How do I know if a vendor’s benchmark scores are contaminated?
Compare vendor scores on legacy benchmarks (MMLU, HumanEval) against scores on contamination-resistant benchmarks (LiveBench). A significant gap suggests training data overlap. Request multi-run results — contaminated models tend to show unusually low variance on legacy benchmarks because they’re recalling memorised answers.
What is the difference between a model card and an evaluation artifact package?
A model card is a disclosure document. An evaluation artifact package is an evidence package. One tells you what the vendor says the model does; the other lets you verify whether that’s true. Requiring a model card without evaluation artifacts is like requesting an annual report without the underlying financial statements.
Can I use community evaluations like Chatbot Arena instead of requiring vendor artifacts?
Community evaluations are a cross-reference tool, not a substitute for vendor-supplied artifacts. Vendor artifacts tell you how the vendor tested their own model and whether those results are reproducible. You need both.
What if my organisation does not have ML expertise to review evaluation artifacts?
The checklist above is designed for procurement teams without dedicated ML staff. You can verify artifact completeness, check cross-reference results, and identify red flags without ML expertise. For scoring script review, consider a third-party technical reviewer or an open-source evaluation framework such as promptfoo.
Are there regulatory penalties for not requiring evaluation artifacts?
For US federal agencies, OMB M-26-04 creates procurement compliance obligations with a March 2026 deadline. For EU-market organisations using high-risk AI, EU AI Act requirements phase in from August 2026. For private-sector organisations outside regulated industries, no direct penalty exists yet — but the regulatory trajectory makes artifact requirements a foreseeable standard.

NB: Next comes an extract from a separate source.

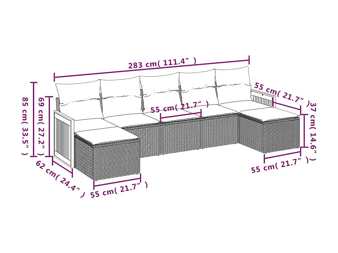 Salon de jardin 7 pcs avec coussins noir résine tressée

What should I do with evaluation artifacts once I receive them?
Review for completeness against the checklist. Cross-reference vendor scores against community evaluations. Run scoring scripts against a sample of the benchmark dataset if you have the capability. Document findings in the model selection decision record. Retain artifacts as part of the procurement audit trail and include a refresh clause in the contract.